Records excerpted from a collection:
*** Begin section ***
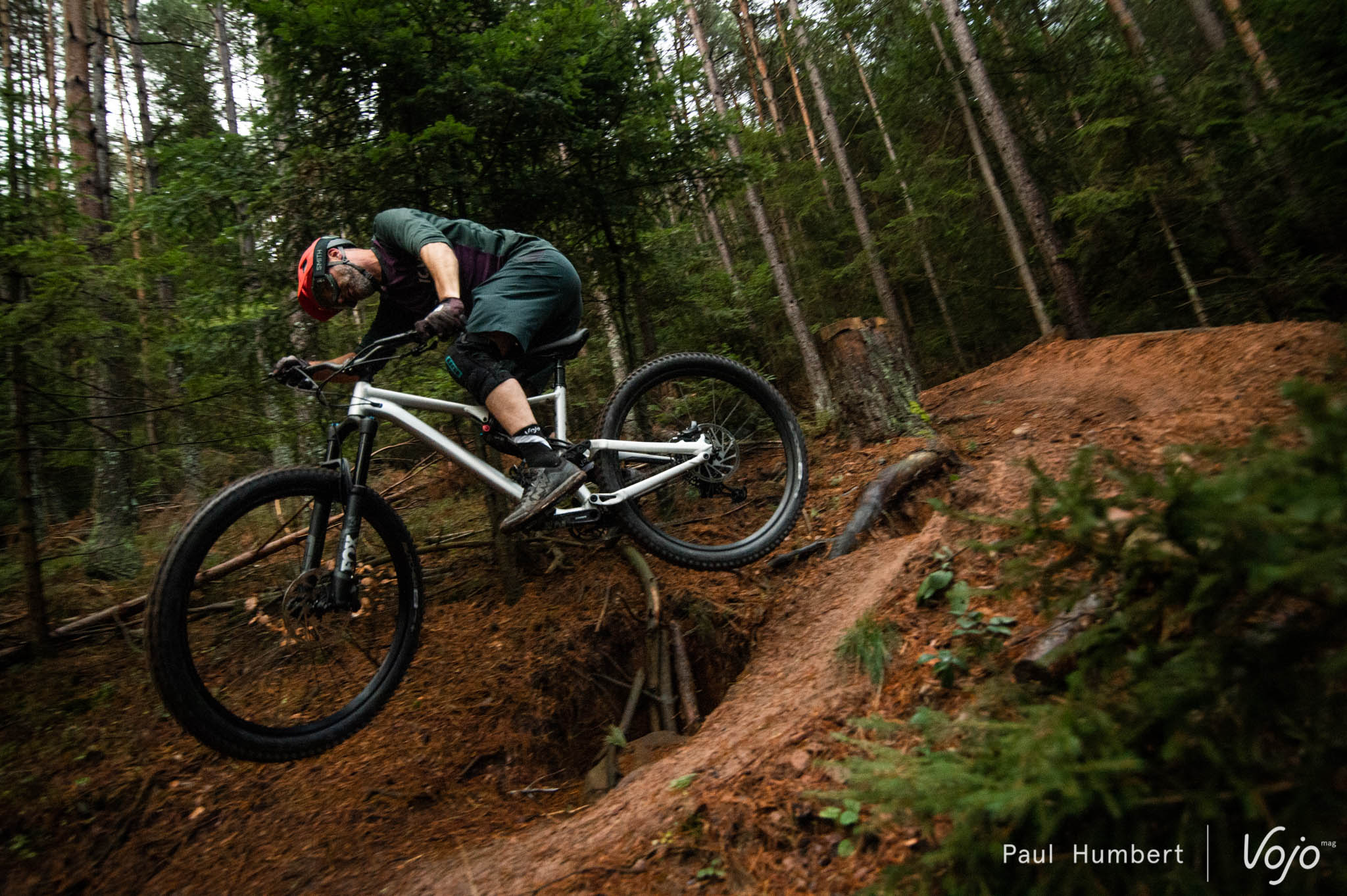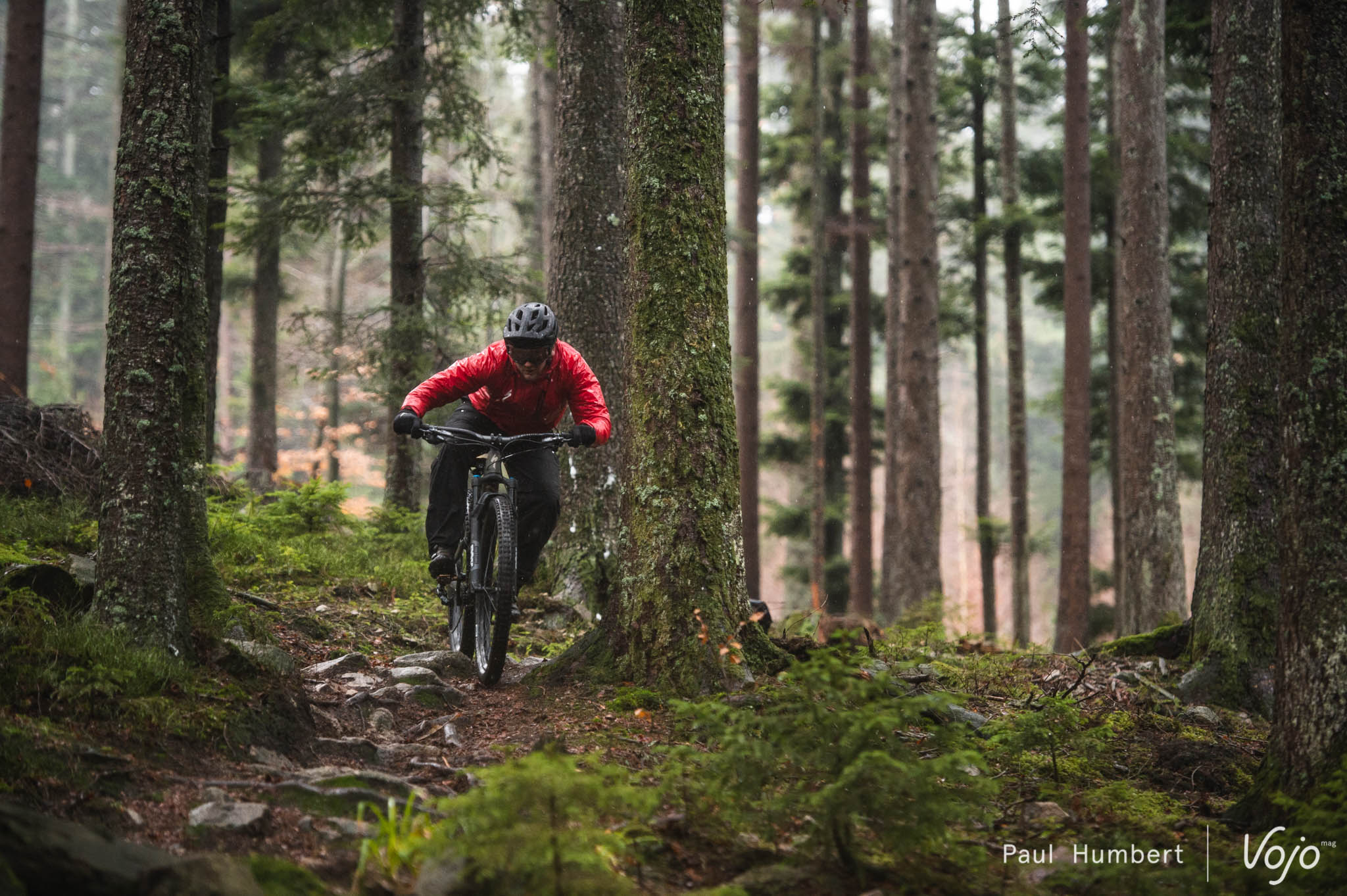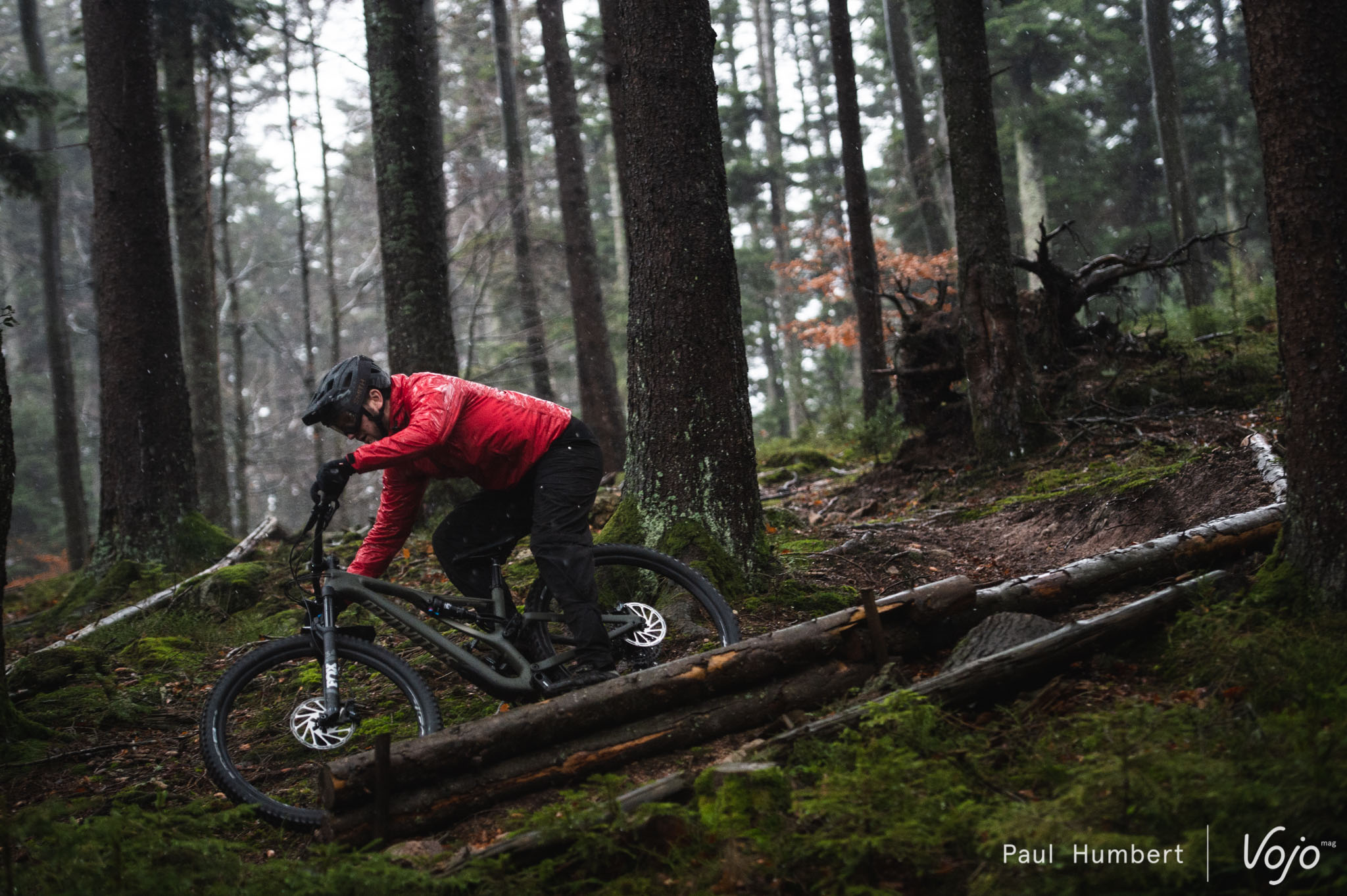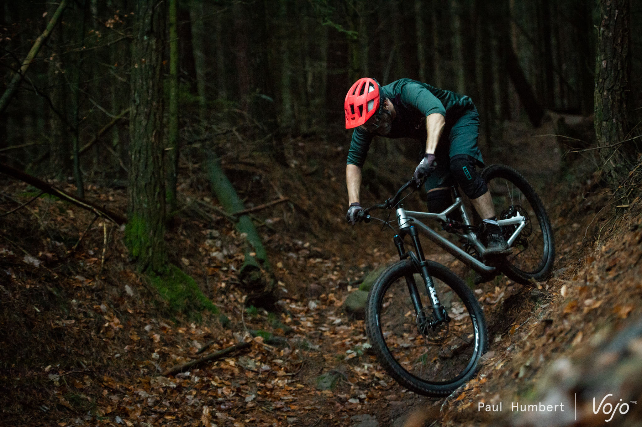 Seule restriction : les descentes ne sont jamais longues et les sorties s’apparentent ici à des successions de up/down à coup de 100m de D+/D- à chaque coup, pour un total qui tourne souvent autour de 1200m de d+ sur 40 bornes dans la région de Liège, où se trouve le « headquarter » belge de Vojo. Pas besoin donc d’énormément de débattement, mais un vélo joueur, bien suspendu et qui pédale bien semble idéal.
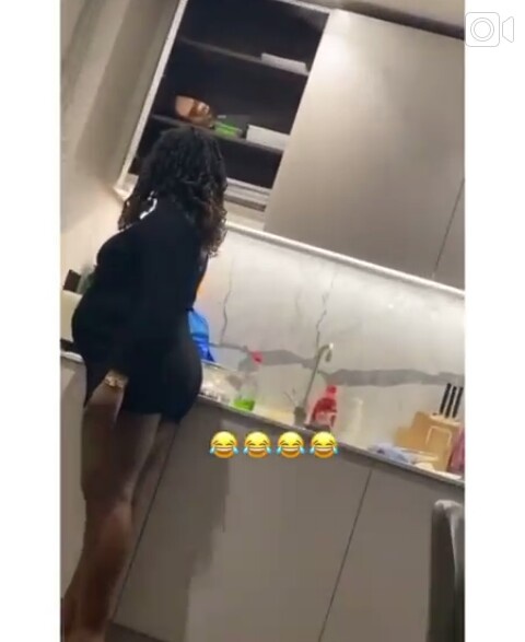 Below is a clearer view of the bump of the soon to be mother, cooking for her to-be hubby, Davido as he lovely hailed her “Wifey”.
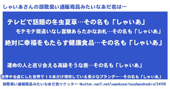 | ヘコむあだ名 | 『しゃいあ(苦笑)』『しゃっふぃ~』 |
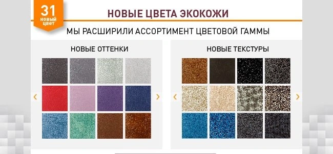 2) В каждой категории экокожи обновился и дополнился ассортимент! Теперь в нашем постоянном ассортименте более 100 вариантов экокожи на выбор.
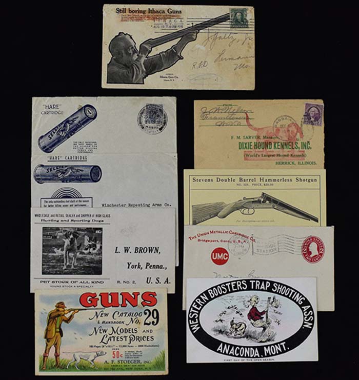 Description:Nice lot of asst. hunting and gun related covers, envelopes, paperwork, etc (1900s-70s) (GD-NM) Includes 1908 postmarked Union Metallic Cartridge Co. return address envelope; J.Stevens Arms Double Barrel Hemmerless Shotgun promotional piece (paper slip, slightly smaller than cover size); (2) c.1930s Sellier Bellot Hare Cartridge nicely done covers from Bombay which are both addressed to Winchester Repeating Arms Co. One is postally cancelled; 1906 postmarked Ithaca Guns cover which has crayon and other marking along wear throughout; 1930s A. F. Stoeger Gun Catalog advertising postcard; 30s-40s Western Boosters Trap Shooting Assn. postcard; Dalton Rod & Gun Club postcard; 1939 National Wildlife Ruffed Grouse postcard; (2) c.1930s "Dixie Hound Kennels" mailing envelopes with related letters and papers; 1945 postmarked cover with Phesant graphic and advertising text; unused cover from similar period advertising hunting dogs with printed on image; 1930s-40s trap shooting related oversized stamp; 1950s Benjamin Air Rifle mailing envelope with contents to include several promotions brochures/catalots and return mailing envelope; (8) additional c.1940s-70s bird, hunting, or similarly related mailing envelopes. Varying degrees of wear throughout: GD-NM
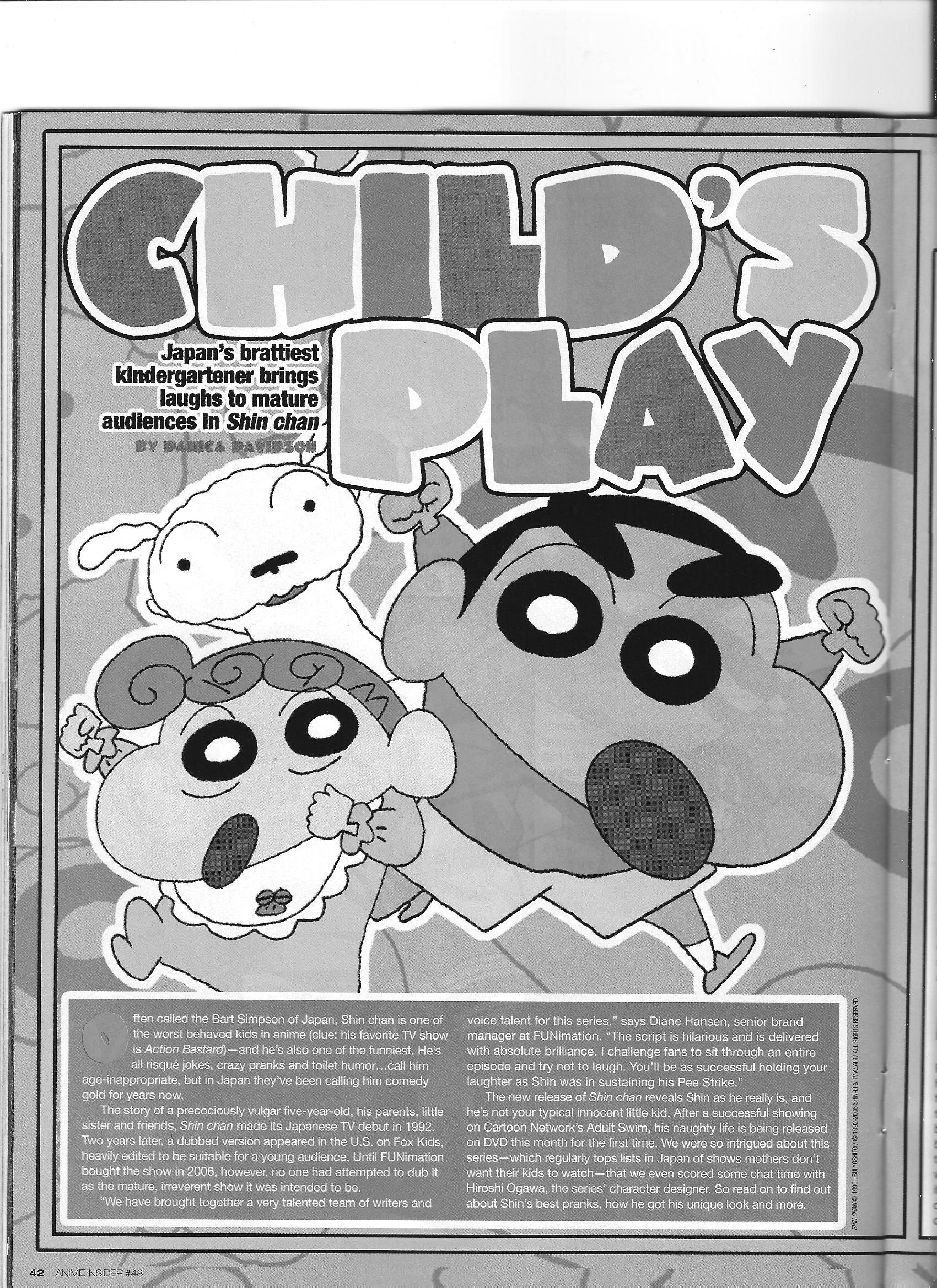 Via Anime Insider: Hiroshi Ogawa (August 2007) Posted on September 27, 2014 by torisunanohokori An article on Crayon Shin-chan that includes an interview with Hiroshi Ogawa, who didn’t think the show would last a year. Share this: Click to share on X (Opens in new window) X Click to share on Facebook (Opens in new window) Facebook Like Loading...
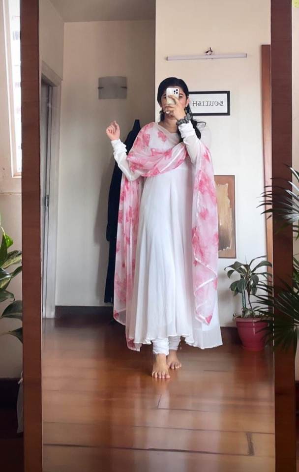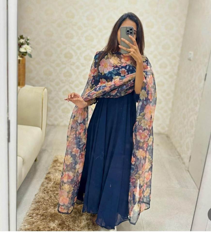 Indian Designer Blue and Red Georgette Fabric Kurti with Long Length Golden Embroidered Chudidaaar and Stole for Weddings
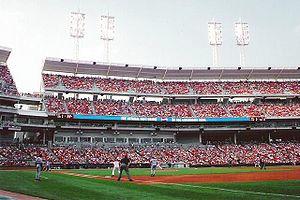 - Great American Ball Park (Cincinnati Reds) – Sitting on the Ohio River, the park has the same relationship to the water that Oracle and PNC have. Beyond the right-center fence sits two large steamboat smokestacks that belch smoke, flash lights, and shoot fireworks when the Reds hit a home run and win games. The most prominent feature is a large gap in the grandstand. As the outfield is towards the river, and away from downtown Cincinnati, there is a large gap in the grandstands that allows a view of the city from the park and vice versa. To one side of the gap, there are three seating levels, and on the other, there are two. Inside the park, there are Italian-marble mosaics, "toothbrush" light towers, and the nostalgic Sun/Moon Deck. The contemporary-looking, glass-wrapped facade around the exterior is the first of the retro era.
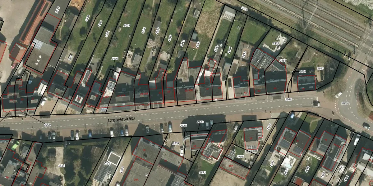 Het perceel waarop Cremerstraat 35-A staat heeft een oppervlakte van 655 m². Dit is een groot perceel. De perceeloppervlakte wordt geregistreerd door het Kadaster. Gedetailleerde informatie over de maten van dit perceel kunt u vinden in het rapport Kadastrale kaart met maatvoering van Cremerstraat 35-A.
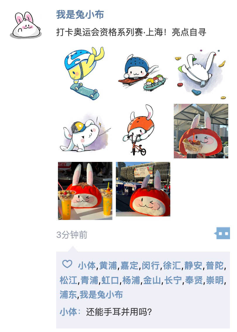 奥运会资格系列赛·上海已经开始啦!(←戳链接看小布前方探营攻略)街头运动律动申城~~你是否有打算去现场观赛?本周“上海城市映像”向大家征集#律动上海。来和小布分享你在奥运会资格系列赛·上海的有关时刻吧!(请附上“拍摄位置+相关的街头运动项目或图片说明”)~(看完天气别走开,拉到文末看小布举个例子🌰!)
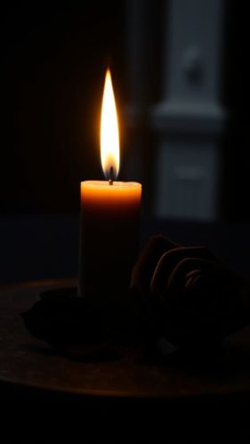 The bright light from the flame attracts me. It cuts through the dark shadows with a blinding ease. As the wind outside echoes its eerie whisper, the flame quietly sings along. There are shapes in the shadows, dancing to the flame's hypnotic call. The shadow-dwellers seem to giggle as they stretch and reach out, elongated fingers pointing and bending at the candlelight's whim. A tap on the window freezes everything for a split second. Blood runs cold. Heart pounds. Skin crawls. Breath becomes both shallow and deep. The soft, breathy whistle cut short by a piercing scream. The darkness falls silent. The candlelight, no more.
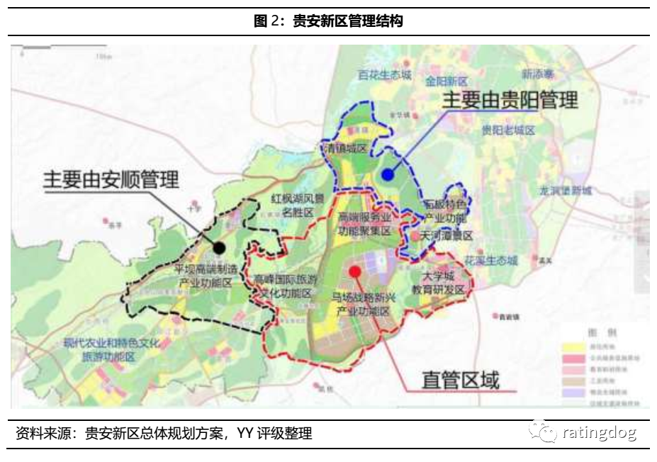 貴安新區(qū)分為直管區(qū)和非直管區(qū),其中直管區(qū)域470平方公里,所轄范圍為貴陽(yáng)市花溪區(qū)湖潮鄉(xiāng)、黨武鄉(xiāng),清鎮(zhèn)市紅楓湖鎮(zhèn)平寨村、蘆貓?zhí)链濉⒅幸淮濉⒅邪舜濉⑻m安村、池菇村、中八居委會(huì),安順市平壩縣馬場(chǎng)鎮(zhèn)、高峰鎮(zhèn)。貴安新區(qū)直管區(qū)由省委、省政府的派出機(jī)構(gòu)貴安新區(qū)黨工委管委會(huì)統(tǒng)管,履行開(kāi)發(fā)建設(shè)和經(jīng)濟(jì)社會(huì)管理職能,而非直管區(qū)由屬地各級(jí)政府負(fù)責(zé)管理,享受貴安新區(qū)作為經(jīng)濟(jì)功能區(qū)的各項(xiàng)政策支持。
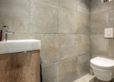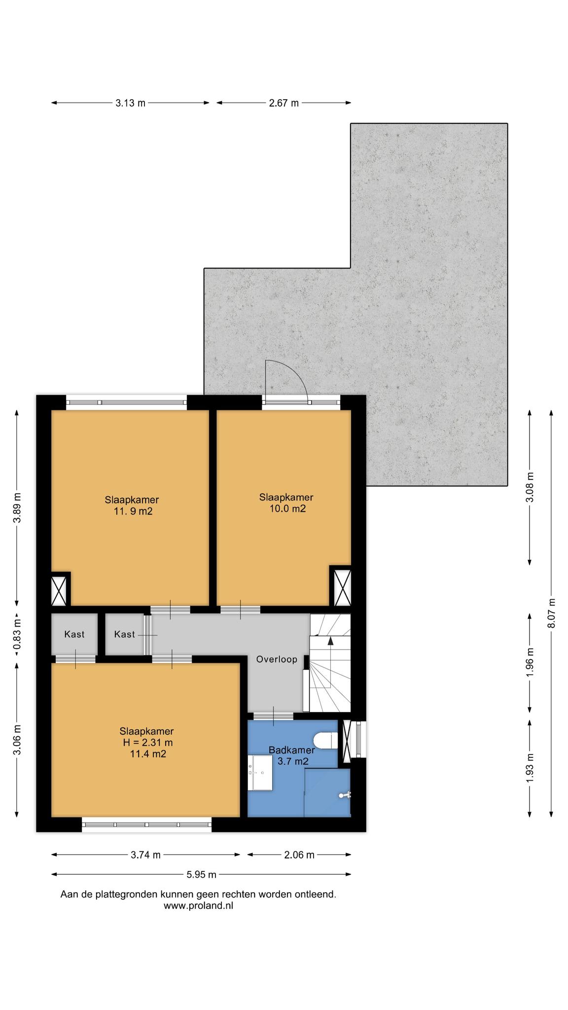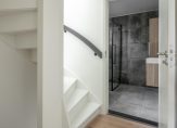 overloop met praktische vaste kast, 3 ruime slaapkamers waarvan de voorste met een vaste kast en een van de achterste slaapkamers heeft een deur naar het dak van de bijkeuken, moderne badkamer o.a. voorzien van douche, toilet en wastafelmeubel.
*** End section ***
Up to and including the line that contains "ヘコむあだ名 | 『しゃいあ(苦笑)』『しゃっふぃ~』 |", print the records above exactly from their first line, without any pictures.

 Seule restriction : les descentes ne sont jamais longues et les sorties s’apparentent ici à des successions de up/down à coup de 100m de D+/D- à chaque coup, pour un total qui tourne souvent autour de 1200m de d+ sur 40 bornes dans la région de Liège, où se trouve le « headquarter » belge de Vojo. Pas besoin donc d’énormément de débattement, mais un vélo joueur, bien suspendu et qui pédale bien semble idéal.
 Below is a clearer view of the bump of the soon to be mother, cooking for her to-be hubby, Davido as he lovely hailed her “Wifey”.
 | ヘコむあだ名 | 『しゃいあ(苦笑)』『しゃっふぃ~』 |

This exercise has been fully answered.